During the years ended December 31, 2013, 2012 and 2011, the Company recognized research and development expenses of $1.5 million, $6.2 million and $11.2 million, respectively, related to the agreement with PharmaEngine. These amounts include a $5.0 million milestone payment expensed in the year ended December 31, 2012 and a $10.0 million upfront payment expensed in the year ended December 31, 2011. As of December 31, 2013 and 2012, the Company had amounts accrued and payable of $0.6 million and $0.3 million, respectively, related to the agreement with PharmaEngine.

Actavis

In November 2013, the Company and Actavis entered into a development, license and supply agreement pursuant to which the Company will develop, manufacture and exclusively supply the bulk form of doxorubicin HCl liposome injection (the “Initial Product”) to Actavis. Under the agreement, Actavis is responsible for all costs related to finished product processing and global commercialization. Pursuant to the agreement, additional products may be developed for Actavis in the future. The Company is eligible to receive up to $15.5 million, including $2.0 million upfront, which was received in December 2013, and the remainder in development funding and development, regulatory and commercial milestone payments related to the Initial Product. The Company will also receive a double digit share of net profits on global sales of the Initial Product and any additional products. The Company will manufacture and supply the Initial Product to Actavis in bulk form at an agreed upon unit price.

The agreement will expire with respect to each product ten years after Actavis’ first sale of such product, unless terminated earlier, and will automatically renew for additional two year periods thereafter unless either party provides notice of non-renewal. Either party may terminate the agreement in the event of an uncured material breach or bankruptcy filing by the other party. Actavis may also terminate the agreement for convenience in specified circumstances upon 90 days’ prior written notice.

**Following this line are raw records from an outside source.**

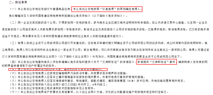 本宗地按照“价高者得”的原则确定竞得人,拿地1年内开工,4年内竣工;提供“交房即发证”服务等。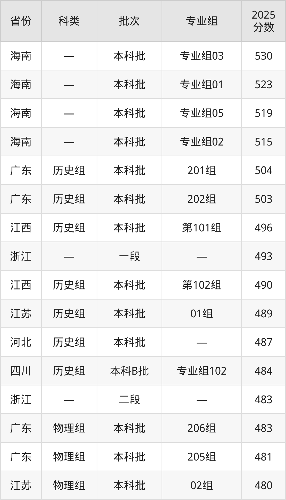 2025年广州新华学院在全国普通批次招生的录取分数范围位于346~530分之间,其中省内分数范围为472分~504分,历史组最低分专业组为“202组”,考生503分即可报考,物理组最低分专业组为“203组”,考生472分即可报考。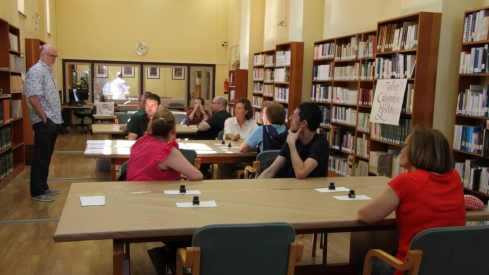 En Huesca, ha sido Ricardo Vicente la persona encargada de romper el hielo con un taller basado en caligrafía renacentista. Conviene recordar que Ricardo Vicente es calígrafo y se ocupa de encargos en su estudio AULARIUM, en Binéfar. Acude como profesor de caligrafía a centros educativos, museos y bibliotecas, y también asiste a ferias de oficios y de artesanía, educativas y festivales de recreaciones históricas, entre otros.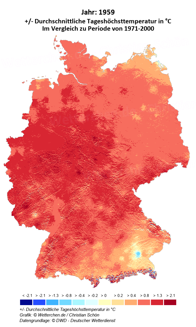 1959 - +/- Durchschnittliche Tageshöchsttemperatur in °C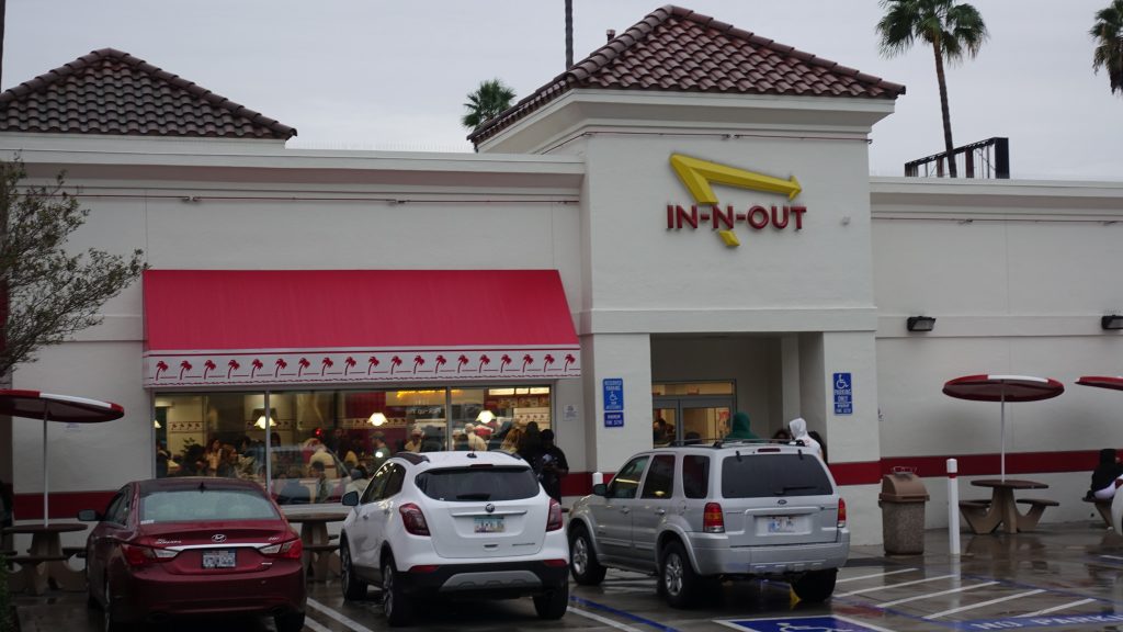2019年美西過境快閃行,入住在好萊塢 (Hollywood)的Orange Drive Hostel,剛好離旅館不遠處就有一家In-N-Out Burger的分店,趁著離開洛杉磯前的最後一個下午,硬是擠出時間,說什麼也要帶著老爹來這裡開開眼界,順便大飽口福!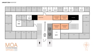 • 35 Private Offices with desks, chairs and executive chair, ranging from 88 SF to 240 SF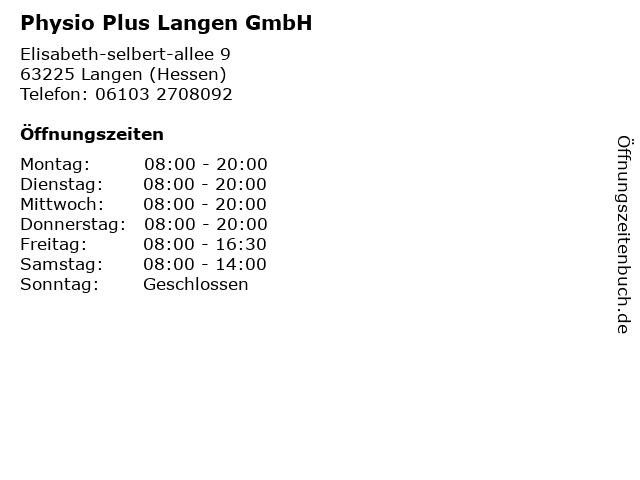 Branchen & Suchbegriffe zu Physio Plus Langen GmbH:langen, physio, plus |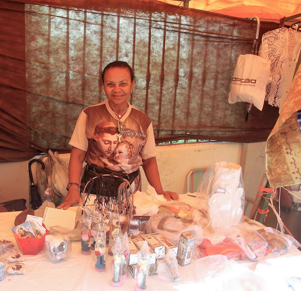"O serviço de limpeza realizado pela Emsurb é nota dez, o que falta é a colaboração da população. Todos os dias vejo logo cedo os agentes de limpeza, mas infelizmente ainda falta conscientização da comunidade" informou a integrante da Pastoral da Pessoa Idosa, Rosângela Santos Barbosa, que comercializa produtos religiosos durante a trezena.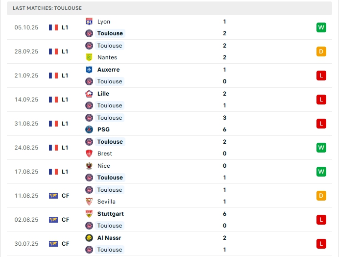 Toulouse sau 7 trận đấu họ có được 3 chiến thắng và 1 hòa và 3 thất bại, mang về 10 điểm và đang xếp ở vị trí thứ 9 trên BXH, phong độ thời gian qua của Toulouse là không tốt, đội bóng này chỉ thắng 1 ở 5 trận gần nhất, cùng với 1 hòa và 3 thất bại, trên sân nhà Toulouse cũng chỉ có 1 chiến thắng ở 5 trận vừa qua.
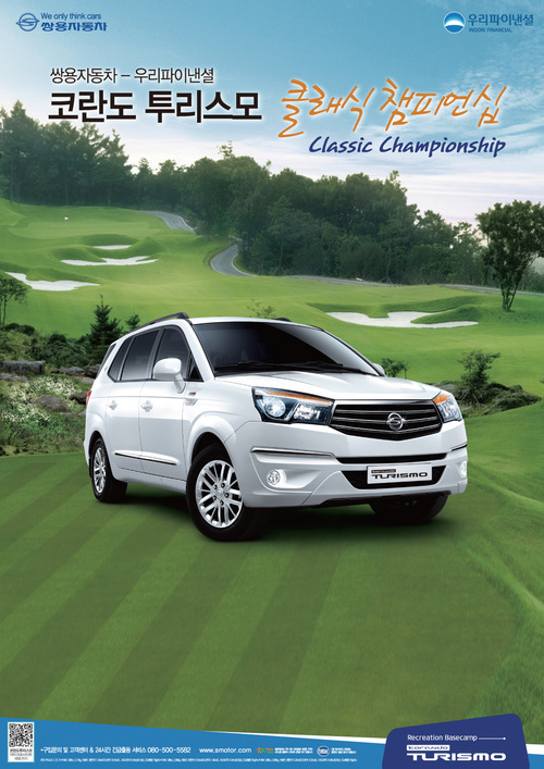 쌍용차는 18일부터 3월 17일까지 한 달에 걸쳐 제휴 할부사인 우리파이낸셜과 공동으로 ‘코란도 투리스모 클래식 챔피언십’을 전국 골프존 매장에서 개최한다고 밝혔다. 예선을 거쳐 1위에서 18위까지 상위 기록을 달성한 참가자들은 3월 23일 서울 송파 가든파이브에서 열리는 본선에 진출해 최종 승자를 가리게 되며, 참가 인원은 전국적으로 2만여 명에 이를 것으로 예상된다.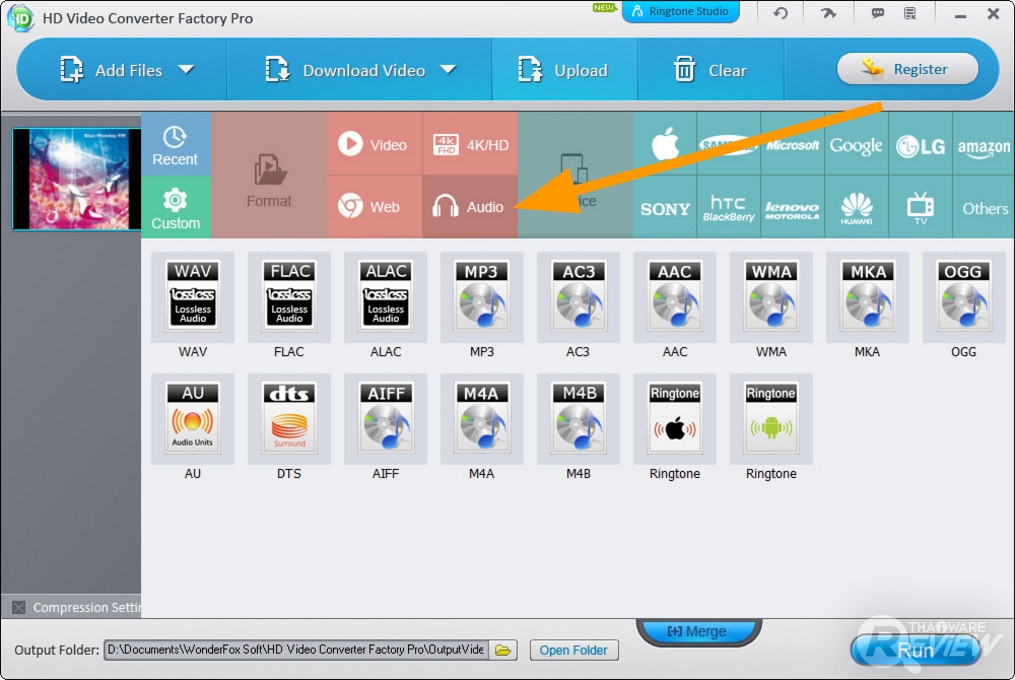 เมื่อคลิกก็จะมีการเปิดหน้าต่างที่ใช้สำหรับเลือกฟอร์แมตการแปลงไฟล์เสียง ซึ่งโปรแกรม WonderFox HD Video Converter Factory Pro รองรับฟอร์แมตการแปลงไฟล์เสียงที่หลากหลายมาก อาทิ

The Company applied revenue recognition guidance to determine whether the performance obligations under this collaboration, including the license, participation on steering committees, development services, and manufacturing and supply services could be accounted for separately or as a single unit of accounting. The Company determined that these obligations represent a single unit of accounting and will recognize revenue as product is supplied to Actavis. Therefore, the Company has deferred total billed and billable milestones and development expenses of $2.1 million as of December 31, 2013.

GTC Biotherapeutics, Inc.

In July 2009, the Company entered into a license agreement with GTC Biotherapeutics, Inc. (“GTC”) for the development of MM-093 by GTC. On March 19, 2013, GTC terminated the license agreement. As a result, the Company recognized the remaining $0.6 million of deferred revenue related to this license agreement during the first quarter of 2013.